Exon 1 gRNA: CTTGGAGGCCTCCAAAA
Exon 3 gRNA: TCTGCTACTTCTCTCTA
Exon 8 gRNA: GCAAACATGAAGAGGTGATT
Deglycosylation assay
The deglycosylation-dependent Venus fluorescence assay was performed as described previously35. WT and NGLY1 KO clones were infected or transfected with ddVenus reporter and mCherry expression constructs. Cells were treated with DMSO or 20µM zVAD-FMK for 6h at 37 °C. Subsequently, mean fluorescence of Venus and mCherry were measured by flow cytometry on a BD LSR Fortessa using the HTS attachment. mCherry levels were used to control for transfection efficiency and cell size.
Data Availability
The transcriptomics and proteomics data of the 19 KO lines shown in Figure 1b and the NGLY1 KO lines were deposited to publicly available repositories.
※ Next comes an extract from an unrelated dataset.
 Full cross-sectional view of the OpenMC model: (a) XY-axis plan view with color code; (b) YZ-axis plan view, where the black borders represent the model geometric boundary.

The mass spectrometry proteomics data were deposited to the ProteomeXchange Consortium via the PRIDE58 partner repository with the dataset identifier PXD010335. RNA-seq data were deposited in the ArrayExpress database at EMBL-EBI (www.ebi.ac.uk/arrayexpress) under accession number E-MTAB-7061. The data for the remaining 174 KO lines shown in Figure 1a is available upon request.
Author Contributions
A.H.S. and F.Z. analyzed the data. A.H.S. and D.E. performed transcriptomics experiments. N.Z. performed mass spectrometry measurements. G.J. re-sequenced cell lines and analyzed BRD4 and DNMT1 truncation data. W.F.M., K.T. and H.S. performed all NGLY1 KO experiments and initial analyses. A.M.M. performed the BRD4 functional experiments. P.G., T.B., M.F.S., M.B., L.M.S., W.H. and G.D. supervised the work. A.H.S., F.Z., W.H. and G.D. wrote the manuscript with input from all authors.
Acknowledgements
We would like to thank Dinko Pavlinic, Ferris Jung and Vladimir Benes (EMBL Gene Core Facility) for RNA sequencing, Jürgen Stuhlfauth and team for cell banking, Markus Boesche and team for mass spectrometry analyses Satoko Shimamura for cell culture and sample preparation, and the microarray unit of the DKFZ Genomics and Proteomics Core Facility for providing the Illumina Human Methylation arrays and related services. The NGLY1 work was supported by the Grace Science Foundation.